The native image heap contains a unique hub object (i.e. instance of java.lang.Class) for every Java type that is included in the image. It is possible to refer to these class constants using the standard Java class literal syntax:

(gdb) print 'Hello.class'
$6 = {
  <java.lang.Object> = {
    <_objhdr> = {
      hub = 0xaabd00,
      idHash = 1589947226
    }, <No data fields>}, 
  members of java.lang.Class:
  typeCheckStart = 13,
  name = 0xbd57f0,
  ...

Unfortunately it is necessary to quote the class constant literal to avoid gdb interpreting the embedded . character as a field access.

Note that the type of a class constant literal is java.lang.Class rather than java.lang.Class *.

Class constants exist for Java instance classes, interfaces, array classes and arrays, including primitive arrays:

(gdb)  print 'java.util.List.class'.name
$7 = (java.lang.String *) 0xb1f698
(gdb) print 'java.lang.String[].class'.name->value->data
$8 = 0x8e6d78 "[Ljava.lang.String;"
(gdb) print 'long.class'.name->value->data
$9 = 0xc87b78 "long"
(gdb) x/s  'byte[].class'.name->value->data
0x925a00:	"[B"
(gdb) 

Interface layouts are modelled as C++ union types.

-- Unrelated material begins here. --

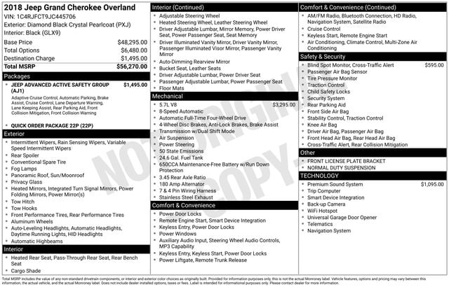 Veero Ford & CDJR of Morris is very proud to offer this stunning 2018 Jeep Grand Cherokee Overland in Diamond Black Crystal Pearlcoat, beautifully equipped with Jeep Advanced Active Safety Group (Adaptive Cruise Control w/Stop, Advanced Brake Assist, Full Speed FWD Collision Warn Plus, Lane Departure Warning Plus, Parallel & Perp Park Assist w/Stop, and Rain Sensitive Windshield Wipers), Quick Order Package 22P, 4WD, 10 Speakers, 19 Speakers High Performance Audio, 4-Wheel Disc Brakes, 7 & 4 Pin Wiring Harness, 825 Watt Amplifier, ABS brakes, Active Noise Control System, Air Conditioning, Alloy wheels, AM/FM radio: SiriusXM, Anti-whiplash front head restraints, Apple CarPlay/Android Auto, Audio memory, Auto High-beam Headlights, Auto-dimming door mirrors, Auto-dimming Rear-View mirror, Auto-leveling suspension, Automatic temperature control, Blind Spot & Cross Path Detection, Brake assist, Bumpers: body-color, Class IV Receiver Hitch, Compass, Cooled Seats, Delay-off headlights, Driver door bin, Driver vanity mirror, Dual Bright Exhaust Tips, Dual front impact airbags, Dual front side impact airbags, Electronic Stability Control, Emergency communication system: SiriusXM Guardian, Engine Oil Cooler, Four wheel independent suspension, Front anti-roll bar, Front Bucket Seats, Front Center Armrest w/Storage, Front dual zone A/C, Front fog lights, Front License Plate Bracket, Front reading lights, Fully automatic headlights, Garage door transmitter, Genuine wood dashboard insert, Heated door mirrors, Heated front seats, Heated rear seats, Heated steering wheel, Heavy-Duty Engine Cooling, High intensity discharge headlights: Bi-Xenon, Illuminated entry, Knee airbag, Leather Shift Knob, Leather steering wheel, Leather Trim Seats w/Edge Welting, Low tire pressure warning, Memory seat, Navigation System, Normal Duty Suspension, Occupant sensing airbag, Outside temperature display, Overhead airbag, Overhead console, Panic alarm, ParkView Rear Back-Up Camera, Passenger door bin, Passenger vanity mirror, Power door mirrors, Power driver seat, Power Liftgate, Power moonroof, Power passenger seat, Power steering, Power windows, Radio data system, Radio: Uconnect 4C Nav w/8.4" Display, Rain sensing wipers, Rear anti-roll bar, Rear reading lights, Rear seat center armrest, Rear window defroster, Rear window wiper, Remote Keyless Entry, Roof rack: rails only, Security system, Speed control, Speed-Sensitive Wipers, Split folding rear seat, Spoiler, Steering wheel mounted audio controls, Tachometer, Telescoping steering wheel, Tilt steering wheel, Traction control, Trip computer, Turn signal indicator mirrors, Variably intermittent wipers, and Wheels: 20" x 8.0" Tech Gray Aluminum. Sales Tax, Title, License Fee, Registration Fee, $350 Dealer Documentary Fee, Finance Charges and Emission Testing Fees (if applicable) are additional to the advertised price. Check out the rest of the features on this vehicle. Jeep Advanced Active Safety Group (Adaptive Cruise Control w/Stop, Advanced Brake Assist, Full Speed FWD Collision Warn Plus, Lane Departure Warning Plus, Parallel & Perp Park Assist w/Stop, and Rain Sensitive Windshield Wipers), Quick Order Package 22P, 4WD, 10 Speakers, 19 Speakers High Performance Audio, 4-Wheel Disc Brakes, 7 & 4 Pin Wiring Harness, 825 Watt Amplifier, ABS brakes, Active Noise Control System, Air Conditioning, Alloy wheels, AM/FM radio: SiriusXM, Anti-whiplash front head restraints, Apple CarPlay/Android Auto, Audio memory, Auto High-beam Headlights, Auto-dimming door mirrors, Auto-dimming Rear-View mirror, Auto-leveling suspension, Automatic temperature control, Blind Spot & Cross Path Detection, Brake assist, Bumpers: body-color, Class IV Receiver Hitch, Compass, Cooled Seats, Delay-off headlights, Driver door bin, Driver vanity mirror, Dual Bright Exhaust Tips, Dual front impact airbags, Dual front side impact airbags, Electronic

The members of the union include the C++ layout types for all Java classes which implement the interface.

(gdb) ptype 'java.lang.CharSequence'
type = union java.lang.CharSequence {
    java.nio.CharBuffer _java.nio.CharBuffer;
    java.lang.AbstractStringBuilder _java.lang.AbstractStringBuilder;
    java.lang.String _java.lang.String;
    java.lang.StringBuilder _java.lang.StringBuilder;
    java.lang.StringBuffer _java.lang.StringBuffer;
}

Given a reference typed to an interface it can be resolved to the relevant class type by viewing it through the relevant union element.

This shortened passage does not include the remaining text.